German teenager Paul Baumer (Felix Kammerer) and his friends enlist in the Army in a fit of patriotic fervor. Their illusions about war as an exciting adventure vanish as they are thrust into a hellscape of agonizing death. Seasoned soldier “Kat” Katczinsky (Albrecht Shuch) befriends Paul and helps him learn to survive on the front. Meanwhile, in a subplot invented for the film, German diplomats led by Matthias Erzberger (Daniel Brühl) realize their cause is lost, and work toward an armistice with the French.

Most of the movie portrays graphic battlefield violence, offset by occasional interludes of the soldiers at rest. The audience endures nightmarish combat, and some of the battle scenes—especially one involving tanks—are very effective.

The production design, costumes, and makeup effects are all first-rate. The opening sequence is probably the most inventive: uniforms being stripped off freshly dead soldiers, cleaned, patched, and recycled, ready to be handed off to the next batch of doomed youngsters. 
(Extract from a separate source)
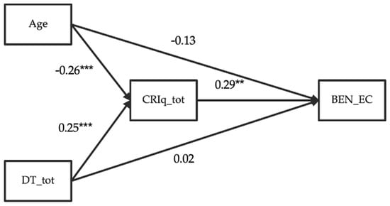 We found that BEN_EC was directly predicted by neither age nor DT_tot. However, it was positively predicted by the total CR score; both predictors are significantly related to CRI_tot. Moreover, interestingly, both indirect effects of age and DT, through the mediation of CRIq_tot on BEN_EC, were significant.

All Quiet is pitched in the gory mode of Saving Private Ryan and Fury, but it’s more deeply indebted to Stanley Kubrick’s Paths of Glory, the gut-wrenching Russian war film Come and See, and Sam Fuller’s masterworks (one of Fuller’s finest lines from The Steel Helmet is paraphrased here). 

Unfortunately, All Quiet plays like a war movie designed to wow people who haven’t seen many war movies, and it suffers most in its character development, pacing, and scoring. Unlike in Remarque’s novel or Milestone’s film, the audience doesn’t really get to know Paul’s friends well enough for their deaths to register. And the film’s soundtrack prominently features an intrusive and anachronistic three-note leitmotif that is jarringly out of place.

The actors are all fine, and deserve more screen time to offset the violence. Key points are also belabored, like the German High Command’s elegant lifestyle juxtaposed with the squalid lives of its soldiers. And an ancient war movie cliché still holds true here: If a soldier shows off pictures of his loved ones, or even discusses them, he’s a goner.   

It’s clear just how many antiwar movies are superior to All Quiet in every sense, including the 1930 version, which, despite being over 90 years old, remains better paced and edited.

With the quality of cast, crew, and materials at hand, this adaptation could have been shaped into a more impressive film. All the elements are there—the filmmakers just got carried away with bombarding the audience with horror, and lost sight of the movie’s structure and characters. Yes, war is still hell, but there are limits to which viewers can be bludgeoned with that point.